Federal Register MCP Server

CI npm license: Apache-2.0 Node MCP

Ask your AI assistant real questions about U.S. federal regulations — and get answers grounded in the official Federal Register and eCFR.

This is a Model Context Protocol server that connects any MCP client (Claude Desktop, and others) to two official U.S. government sources:

Instead of bolting on dozens of rigid, narrow tools, it hands the model a small, well-typed TypeScript SDK and lets it write the exact query it needs — then runs that code in a locked-down sandbox. This is the code-mode pattern, and it makes wide government APIs usable without overwhelming the model with tool definitions.

Independent open-source project. It calls public U.S. government APIs and is not affiliated with or endorsed by the U.S. government.

See it in action

Ask Claude:

"What does 50 CFR 21.150 cover, and have there been recent Federal Register rules touching migratory-bird depredation?"

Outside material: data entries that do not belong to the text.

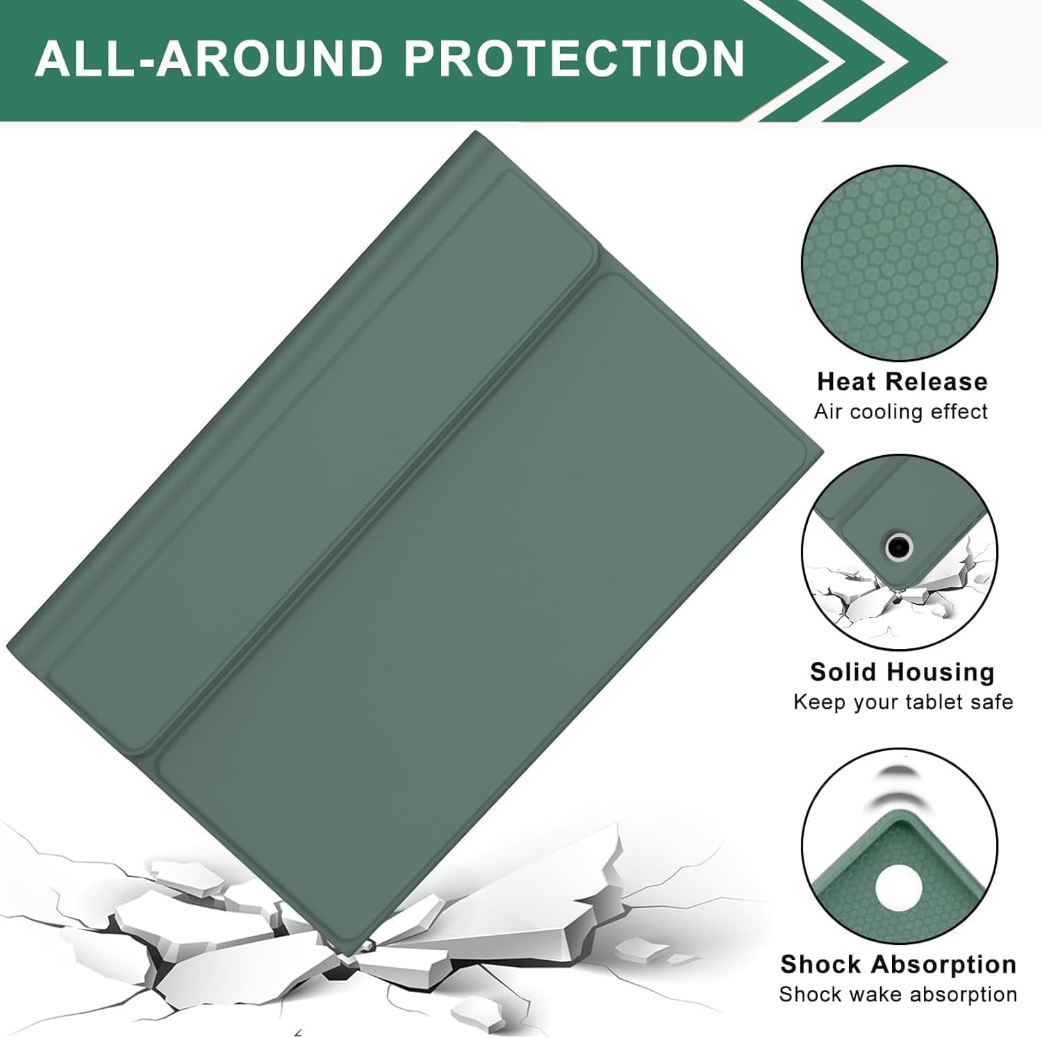 - â ăFull Protection for Samsung Galaxy Tab A9+ăOur Galaxy tab A9 Plus case with keyboard made of soft TPU and flexible TPU inner shell, which are drop-proof and scratch resistant, also not slippery or stick while carrying it around, greatly reduces the damage to your tablet caused by collisions. The inner lining of the case features a honeycomb design that helps dissipate heat from the tablet, improving the performance and extending the life of the Samsung A9+ tablet.
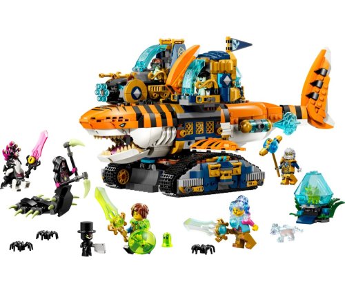 Rozpruďte dětskou fantazii se stavebnicí LEGO® DREAMZzz Tygrožraločí tank pro kluky a holky od 9 let, která nabízí hned 2 zábavné možnosti sestavení Děti si můžou postavit a řídit žraločí tank s otevírací tlamou, pohyblivým ocasem a dvěma bočními moduly s vystřelovači, úložným prostorem a místem pro minifigurku řidiče Děti můžou hračku přestavit na pirátskou loď ve tvaru žraloka s předním dělem, bočními vystřelovači, otevírací tlamou, úložným prostorem pro poklad v zadní části a doplňkem kotvy Součástí balení je minifigurka Matea, Izzie, pana Oze, císaře z nočních můr a Ariky pro hru plnou představivosti, dále Z-Flek, škleboun, 3 pavouci, 2 snílci a 2 figurky pokladových stvoření
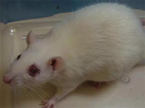 圖6 該白化大鼠出現(xiàn)血淚或紅淚。該紅色物質(zhì)由眼后的哈德氏腺產(chǎn)生。是大鼠應(yīng)激或患病時(shí)的普遍癥狀。
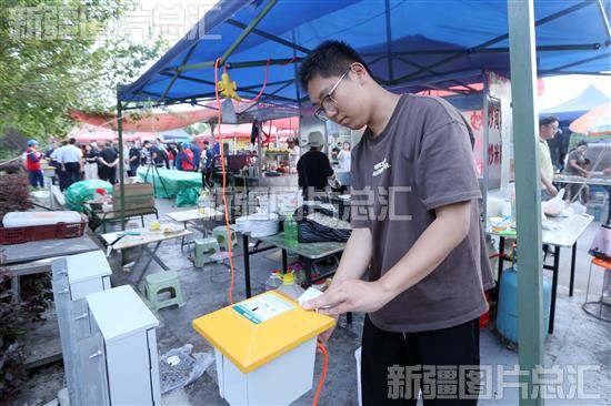 2023年6月7日,阿克苏市夜市上,商贩正在使用共享电源。

The model finds the right calls and runs them in the sandbox — no hand-written tool per endpoint:

// Pull the current text of an eCFR section…
const { titles } = await ecfr.titles.list();
const date = titles.find(t => t.number === 50).latest_issue_date;
const section = await ecfr.full(date, 50, { part: '21', section: '21.150' });

// …and search the Federal Register for related rulemaking.
const rules = await fr.documents.search({
  conditions: { term: 'migratory bird depredation', type: ['RULE', 'PRORULE'] },
  fields: ['title', 'publication_date', 'html_url'],
  per_page: 5,
  order: 'newest',
});

…then answers in plain English, citing the section and the rules it found.

Features

  • Two official sources, one server — the full Federal Register v1 (fr.*) and eCFR (ecfr.*) APIs behind one tool.
  • Code mode, not tool sprawl — the model writes TypeScript against typed fr / ecfr SDKs instead of juggling dozens of single-purpose tools.
  • Safe by construction — user code runs in an isolated-vm (or Deno) sandbox with no network, filesystem, env, or subprocess access. The only way out is the two government APIs.
  • Runs anywhere MCP does — stdio for Claude Desktop, or a remote Streamable HTTP server with OAuth, rate limiting, and quotas.
  • Discovery built insearch_api and describe_schema help the model (and you) find the right call fast.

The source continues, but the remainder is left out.